Number two – I love to remind people that self-care isn’t selfish. We have this crazy idea that we have to run ourselves into the ground and work a billion hours, because people actually do reward you: “Oh, you worked 60 hours this week. 100 hours? Oh, you’re so amazing! High five!” That’s crazy. If you’re trying to run a high level company or take care of your children or a sick parent or anything, if you’re taking care of yourself and your health is solid, you’ll be so much better able to do all those other things. So you have to make this a priority. You can integrate it in your family time. There are tons of different ways you can do it, but self-care is not selfish.

And number three is, look for the experts. Unfortunately, the diet industry, the whole weight loss health industry, they say 40 billion – I think that’s a conservative estimate. If you’re looking for quackery and gimmicks and crap, I assure you you can find it. So, looking for experts in what you’re doing. If you need help with exercises, talk to a physical trainer, even if you hire them for a few sessions. If you hurt yourself, go to a doctor, go to a physical therapist. Go to the people who know what they’re doing so you can learn how to do it correctly, instead of spending substantially more time trying to fix the mistakes that you made on the backend. So absolutely, the experts are experts for a reason. Listen to audio books, listen to podcasts. These people like Allan are out there. I’ve been listening to the other podcasts and I think this is really helpful. So use the resources of the experts; it’s all at your fingertips.

Allan (47:15): Awesome. Thank you, Jaime. If someone wanted to learn more about you or the book, Habit That!, where would you like for me to send them?

Dr. Jaime Hope (47:24): My website is DrHopeHealth.com. That’s where I’ve got the free PDFs for the SMARTER goals, the 12 reasons, a bunch of different things that you can print out for free. I run a Facebook group called The HabitThat Tribe for regular, realistic people who are trying to incorporate healthier habits into their lives, whether it’s about stress or diet or anything like that. It’s a supportive tribe for people who are just looking to get healthier. I’m on Twitter @DrHopeHealth, and the book is available on Amazon.

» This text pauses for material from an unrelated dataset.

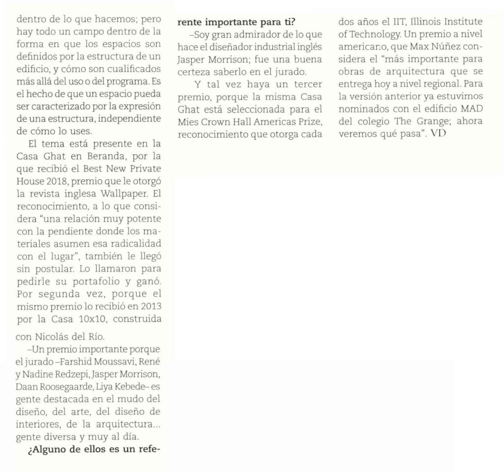 V&D de El Mercurio entrevista al arquitecto Max Núñez, director del programa del Magíster en Arquitectura UC, sobre los reconocimientos recibidos por su oficina.

Allan (48:04): Awesome. You can go to 40PlusFitnessPodcast.com/373 and I’ll be sure to have links to all of those there. Dr. Hope, again, thank you so much for being a part of 40+ Fitness.

Dr. Jaime Hope (48:16): Allan, it’s been a pleasure. Thank you for what you do. It really matters and I am very grateful to be a part of it.

Allan (48:22):Thank you.

I hope that you enjoyed today’s episode and that you took something valuable from it. I work hard to try to bring the best possible guests to the show. Typically, that’s me reaching out to them. Occasionally, publicists will also reach out to me. But it does take some time to get them scheduled and get them on the show and make sure that we’re giving you the best possible content that I can from their book and from what their thoughts are. And I do hope that you’re getting some value out of each and every episode, because I do put a good bit of time into making sure that happens for you.